### Task inputs
________________________

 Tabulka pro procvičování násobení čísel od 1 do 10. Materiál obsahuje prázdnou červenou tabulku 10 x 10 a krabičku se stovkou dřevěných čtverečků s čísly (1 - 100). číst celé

________________________

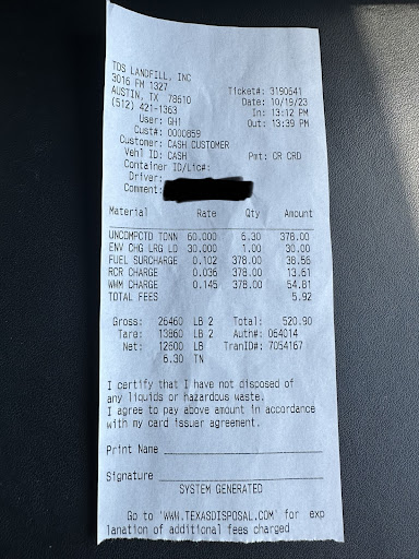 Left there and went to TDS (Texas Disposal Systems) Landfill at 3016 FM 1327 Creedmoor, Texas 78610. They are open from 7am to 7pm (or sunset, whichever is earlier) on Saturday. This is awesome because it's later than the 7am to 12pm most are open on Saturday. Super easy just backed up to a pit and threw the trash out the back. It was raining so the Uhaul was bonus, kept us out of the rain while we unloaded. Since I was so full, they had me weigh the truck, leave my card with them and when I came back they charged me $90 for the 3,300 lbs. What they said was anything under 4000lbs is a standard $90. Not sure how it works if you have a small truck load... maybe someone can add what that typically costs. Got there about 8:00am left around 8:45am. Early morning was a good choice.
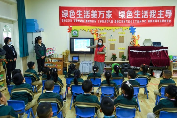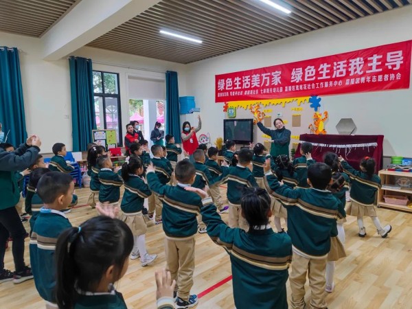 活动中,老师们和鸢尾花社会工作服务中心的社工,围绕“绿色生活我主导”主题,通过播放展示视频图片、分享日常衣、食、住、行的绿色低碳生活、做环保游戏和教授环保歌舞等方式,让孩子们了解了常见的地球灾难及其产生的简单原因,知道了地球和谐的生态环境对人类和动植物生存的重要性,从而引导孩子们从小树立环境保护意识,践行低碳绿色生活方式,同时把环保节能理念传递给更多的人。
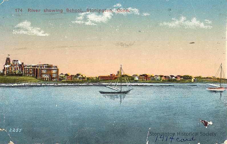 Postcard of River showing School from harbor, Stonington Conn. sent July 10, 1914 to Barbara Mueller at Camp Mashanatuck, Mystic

________________________

### Task to carry out
Only the lines above starting with the line with "Left there and" and going on through the line with "Postcard of River" belong in the answer; repeat them exactly, minus any picture.

### Exercise result
 Left there and went to TDS (Texas Disposal Systems) Landfill at 3016 FM 1327 Creedmoor, Texas 78610. They are open from 7am to 7pm (or sunset, whichever is earlier) on Saturday. This is awesome because it's later than the 7am to 12pm most are open on Saturday. Super easy just backed up to a pit and threw the trash out the back. It was raining so the Uhaul was bonus, kept us out of the rain while we unloaded. Since I was so full, they had me weigh the truck, leave my card with them and when I came back they charged me $90 for the 3,300 lbs. What they said was anything under 4000lbs is a standard $90. Not sure how it works if you have a small truck load... maybe someone can add what that typically costs. Got there about 8:00am left around 8:45am. Early morning was a good choice.
 活动中,老师们和鸢尾花社会工作服务中心的社工,围绕“绿色生活我主导”主题,通过播放展示视频图片、分享日常衣、食、住、行的绿色低碳生活、做环保游戏和教授环保歌舞等方式,让孩子们了解了常见的地球灾难及其产生的简单原因,知道了地球和谐的生态环境对人类和动植物生存的重要性,从而引导孩子们从小树立环境保护意识,践行低碳绿色生活方式,同时把环保节能理念传递给更多的人。
 Postcard of River showing School from harbor, Stonington Conn. sent July 10, 1914 to Barbara Mueller at Camp Mashanatuck, Mystic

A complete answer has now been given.